# NVSHMEM4Py

## Introduction

This notebook introduces NVSHMEM4Py: a Python library for multi-GPU "shared memory" programming. It's a part of the [NVSHMEM project](https://developer.nvidia.com/nvshmem).

Some useful NVSHMEM resources are available here:
- [Source Code on GitHub](https://github.com/nvidia/nvshmem)
- [NVSHMEM API Docs](https://docs.nvidia.com/nvshmem/api/)
- [NVSHMEM4Py API Docs](https://docs.nvidia.com/nvshmem/api/api/language_bindings/python/)
- [Install/Quickstart Guide](https://docs.nvidia.com/nvshmem/release-notes-install-guide/install-guide/abstract.html)
- [Project Homepage](https://developer.nvidia.com/nvshmem)

## Environment

This tutorial has several pre-requisites:
- It uses MPI to bootstrap the NVSHMEM runtime.
- NVSHMEM4Py uses the `cuda-core` package from the `cuda-python` project to interact with the CUDA stack.
- Make sure you have a valid MPI installation.
- This tutorial also requires CuPy to construct arrays to pass into NVSHMEM.
- For Device APIs, the `numba-cuda` package is required.

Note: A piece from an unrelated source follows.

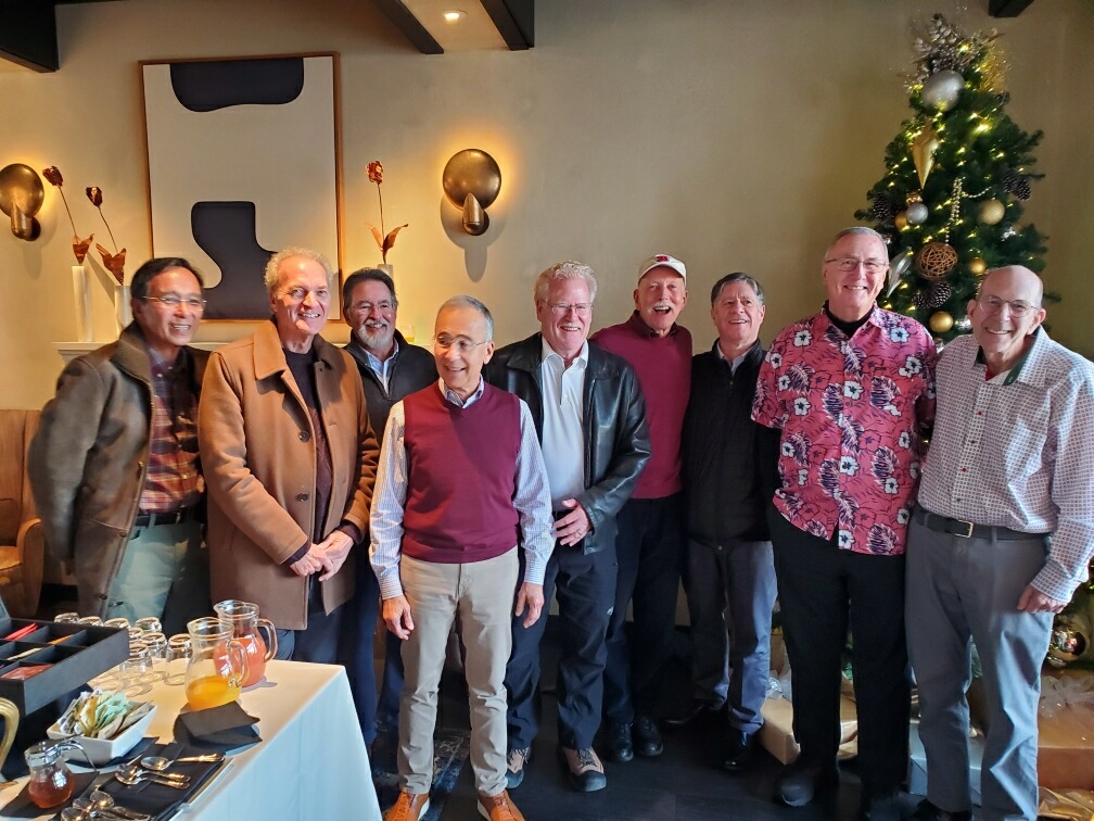 A few such stories were shared yesterday when the fine young gentlemen in the photo above, along with our spouses and significant others, enjoyed an afternoon of food, beverages, lively conversation, friendship, memories, and gratitude for the ability to get together once again this year. Bill and Penny Roche were our gracious hosts at the El Prado Hotel in Palo Alto.

Make sure you launch your notebook in a manner that allows you to use MPI and MPI4Py. For more details, refer to https://jupyter-tutorial.readthedocs.io/en/24.1.0/hub/ipyparallel/mpi.html.

Before continuing, please ensure that the notebook has been launched with MPI. [This page](https://jupyter-tutorial.readthedocs.io/en/24.1.0/hub/ipyparallel/config.html) has some great resources for launching notebooks in this manner.

After following the setup instructions, you should be able to run a command similar to `pipenv run ipcluster start -n <Number of GPUs> --profile=mpi`.

Run the following cell to install the requirements.

In [None]:
!pip install mpi4py nvshmem4py-cu12 cupy-cuda13x numba-cuda==0.20.1 cuda-core

## NVSHMEM introduction

![NVSHMEM Diagram](https://d29g4g2dyqv443.cloudfront.net/sites/default/files/akamai/nvshmem/mpi-nvshmem-explainer-diagram.svg)

NVSHMEM™ is a parallel programming interface based on OpenSHMEM that provides efficient and scalable communication for NVIDIA GPU clusters. NVSHMEM creates a global address space for data that spans the memory of multiple GPUs and can be accessed with fine-grained GPU-initiated operations, CPU-initiated operations, and operations on CUDA® streams.

MPI communication is two-sided and host-initated: each transfer requires a matching send and receive, initiated and coordinated by the CPU. Data movement between GPUs must be orchestrated by the host, adding latency and synchronization overhead.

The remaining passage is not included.